Created attachment 960412 [details] sanlock.log
Looked at the attached logs, can't see much more than already shown above. sanlock log ends half an hour before this error. Already talked in private with Elad and he said the relevant data (machines, logs etc) were already removed. Next time please keep and attach also logs from the engine VM (especially host-deploy). I'll leave it for Sandro to have a look too, he might be able to see things I did not see.
David, in case we fail to reproduce, what should QE collect next time to help debug this? all of dom_md? parts? anything else? Thanks!
Federico, what should be collected to help debug this on vdsm side? Thanks!
It's not reproducible on RHEL7 with RHEV-M 3.5 vt11. In the past we had an issue with sanlock and SELinux on RHEL7 but it's now solved. Tried with: ovirt-hosted-engine-setup.noarch 1.2.1-4.el7ev @qa-latest selinux-policy.noarch 3.12.1-153.el7_0.12 @rhel7z selinux-policy-targeted.noarch 3.12.1-153.el7_0.12 @rhel7z vdsm.x86_64 4.16.7.5-1.el7ev @qa-latest Please ensure you have the latest rpms from @rhel7z
(In reply to Simone Tiraboschi from comment #6) > It's not reproducible on RHEL7 with RHEV-M 3.5 vt11. > > In the past we had an issue with sanlock and SELinux on RHEL7 but it's now > solved. > > Tried with: > ovirt-hosted-engine-setup.noarch 1.2.1-4.el7ev @qa-latest > selinux-policy.noarch 3.12.1-153.el7_0.12 @rhel7z > > selinux-policy-targeted.noarch 3.12.1-153.el7_0.12 @rhel7z > vdsm.x86_64 4.16.7.5-1.el7ev @qa-latest > > Please ensure you have the latest rpms from @rhel7z Actually, I'm using newer SElinux packages: [root@green-vdsb ~]# rpm -qa |grep selinux libselinux-2.2.2-6.el7.x86_64 selinux-policy-3.13.1-6.el7.noarch libselinux-ruby-2.2.2-6.el7.x86_64 libselinux-python-2.2.2-6.el7.x86_64 libselinux-utils-2.2.2-6.el7.x86_64 selinux-policy-targeted-3.13.1-6.el7.noarch This seems to be similar to https://bugzilla.redhat.com/show_bug.cgi?id=1167277 Please check that, re-openning for now
Collecting the output of 'sanlock status' and 'sanlock log_dump' would probably show you what's making the lockspace busy. That part might already be obvious from the vdsm side, I don't know.

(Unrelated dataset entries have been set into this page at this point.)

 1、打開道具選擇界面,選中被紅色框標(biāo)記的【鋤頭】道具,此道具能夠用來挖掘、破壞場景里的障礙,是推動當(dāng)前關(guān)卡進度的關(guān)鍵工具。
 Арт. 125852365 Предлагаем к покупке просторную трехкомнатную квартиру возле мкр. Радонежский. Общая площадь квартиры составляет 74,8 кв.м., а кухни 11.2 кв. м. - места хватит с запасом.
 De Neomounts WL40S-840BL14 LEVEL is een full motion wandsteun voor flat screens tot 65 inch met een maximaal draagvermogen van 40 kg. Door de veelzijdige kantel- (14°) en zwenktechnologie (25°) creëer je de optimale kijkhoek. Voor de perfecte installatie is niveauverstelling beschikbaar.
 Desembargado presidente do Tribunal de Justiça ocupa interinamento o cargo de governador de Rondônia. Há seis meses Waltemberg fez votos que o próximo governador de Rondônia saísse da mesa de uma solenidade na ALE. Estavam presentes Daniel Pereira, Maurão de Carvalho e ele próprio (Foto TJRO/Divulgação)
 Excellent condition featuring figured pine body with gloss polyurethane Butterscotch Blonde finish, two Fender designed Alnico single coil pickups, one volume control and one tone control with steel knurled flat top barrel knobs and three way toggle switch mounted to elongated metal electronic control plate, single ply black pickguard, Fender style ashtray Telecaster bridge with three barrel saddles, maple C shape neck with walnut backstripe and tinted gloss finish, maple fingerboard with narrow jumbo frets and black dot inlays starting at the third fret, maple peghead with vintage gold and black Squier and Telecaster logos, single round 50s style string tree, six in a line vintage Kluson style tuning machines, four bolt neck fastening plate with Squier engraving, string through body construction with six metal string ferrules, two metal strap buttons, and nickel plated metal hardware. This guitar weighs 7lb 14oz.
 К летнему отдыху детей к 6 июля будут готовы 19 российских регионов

(In reply to Elad from comment #7) > > Please ensure you have the latest rpms from @rhel7z > > Actually, I'm using newer SElinux packages: Are you using an alpha release of RHEL 7.1?

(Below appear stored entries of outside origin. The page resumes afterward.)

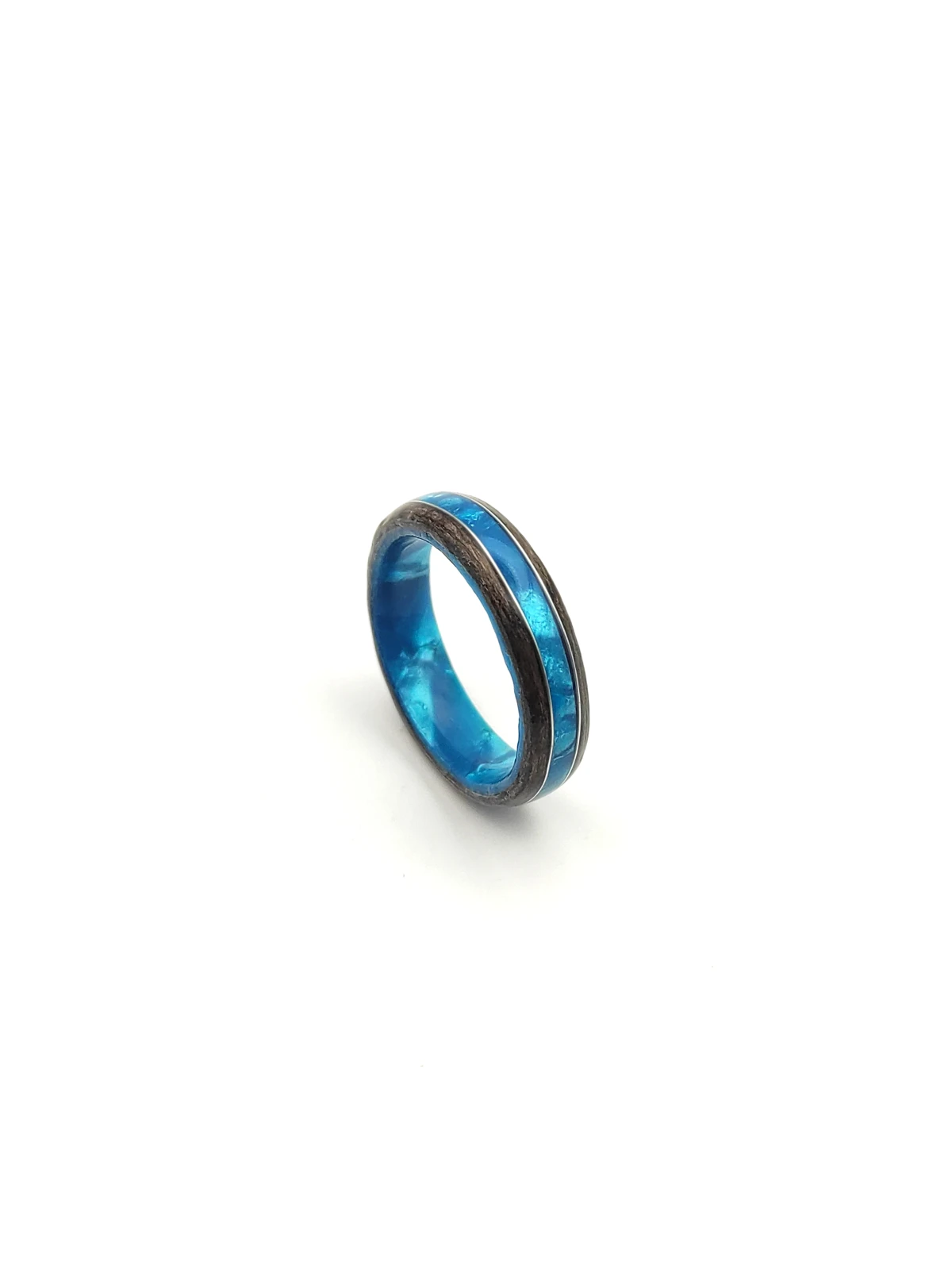 Pierścionek Błękitna Głębia to ręcznie wykonane połączenie forniru orzechowego z jasnoniebieskim celuoidem, przedzielone delikatnym ciemnym drucikiem.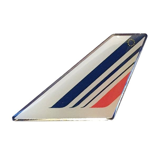 Metal pin badge with enamel coating. This tail design shape features the Air France tail livery. All pin badges come with pin and clasp on reverse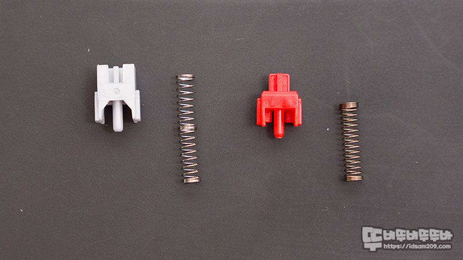 <왼쪽 게이트론 Pro 실버 스위치, 오른쪽 체리 MX 적축 스위치 슬라이더와 스프링 모습>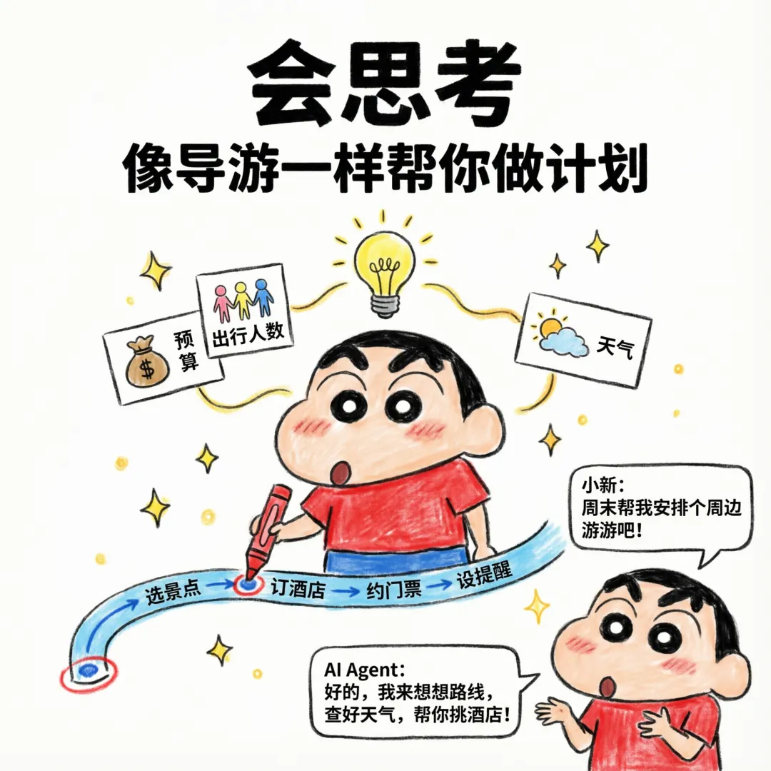 AI Agent的”大脑”会把你的一句话需求拆成一步步计划,就像经验丰富的旅行导游,从你的预算和喜好出发,一步步安排好所有细节。你说”帮我安排一场周末周边游”,普通AI只会推荐景点和酒店;而AI Agent会自动分析你的预算、出行人数、天气情况,一步步规划路线、筛选酒店、预约门票、提醒出行时间,全程不用你反复下指令。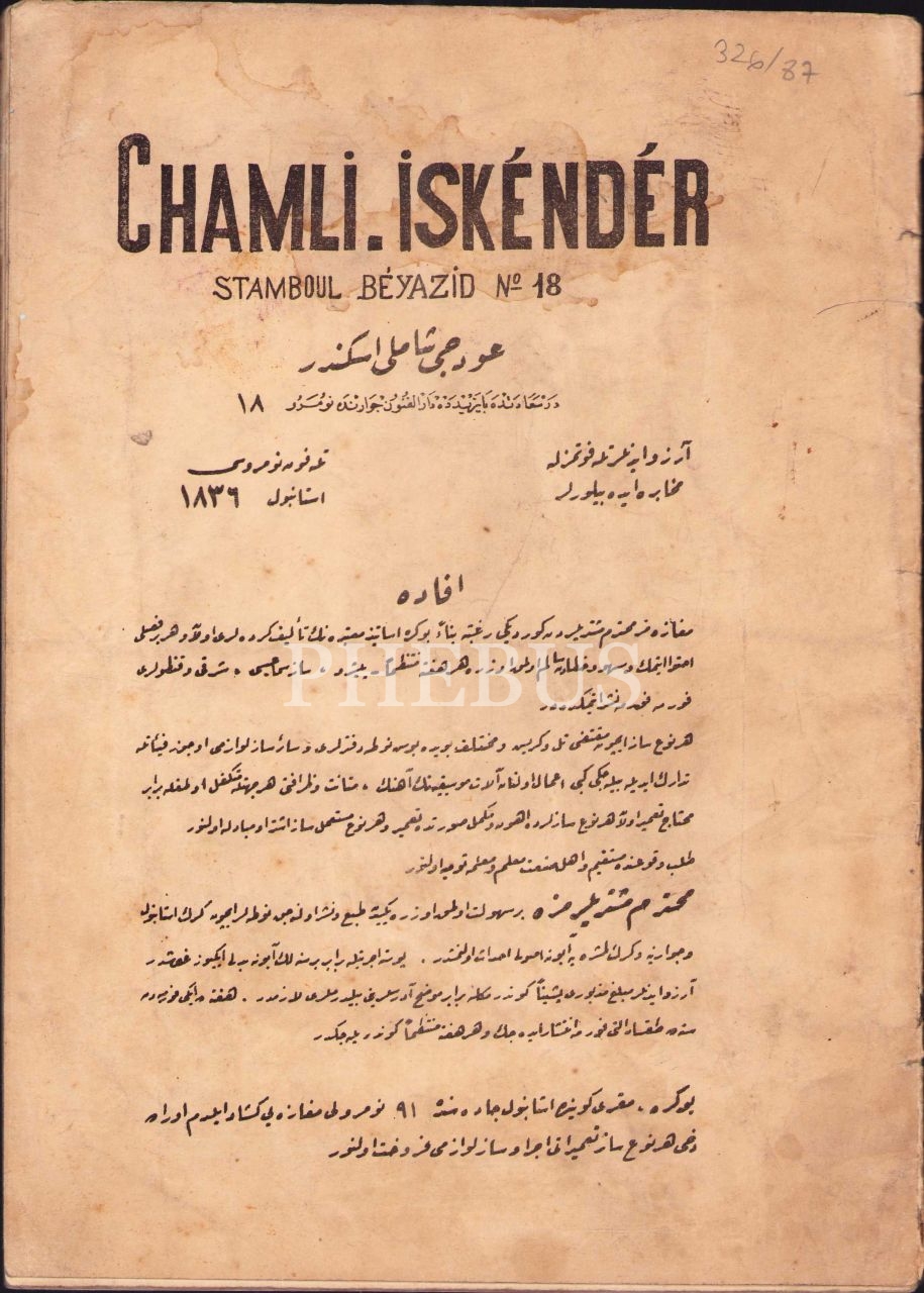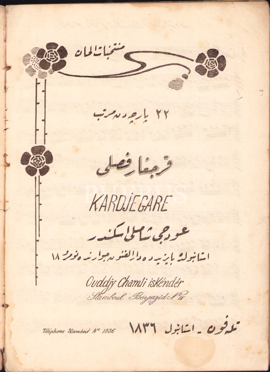 Udcu Şamlı İskender'den Osmanlıca Karcigar Faslı, 32 s., 20x28 cm, kapağı hafif yıpranmış haliyle

(In reply to Simone Tiraboschi from comment #9) > (In reply to Elad from comment #7) > > > Please ensure you have the latest rpms from @rhel7z > > > > Actually, I'm using newer SElinux packages: > > Are you using an alpha release of RHEL 7.1? No, used that host before to test something with these spesipic SElinux packages
It's not reproducible on RHEL-7.1-Alpha-1.2 with ovirt-hosted-engine-ha.noarch 1.2.4-1.el7 ovirt-hosted-engine-setup.noarch 1.2.1-4.el7ev selinux-policy.noarch 3.13.1-9.el7 selinux-policy-targeted.noarch 3.13.1-9.el7 vdsm.x86_64 4.16.7.5-1.el7ev Closing it for insufficient data. Fell free to open again if you are able to reproduce it.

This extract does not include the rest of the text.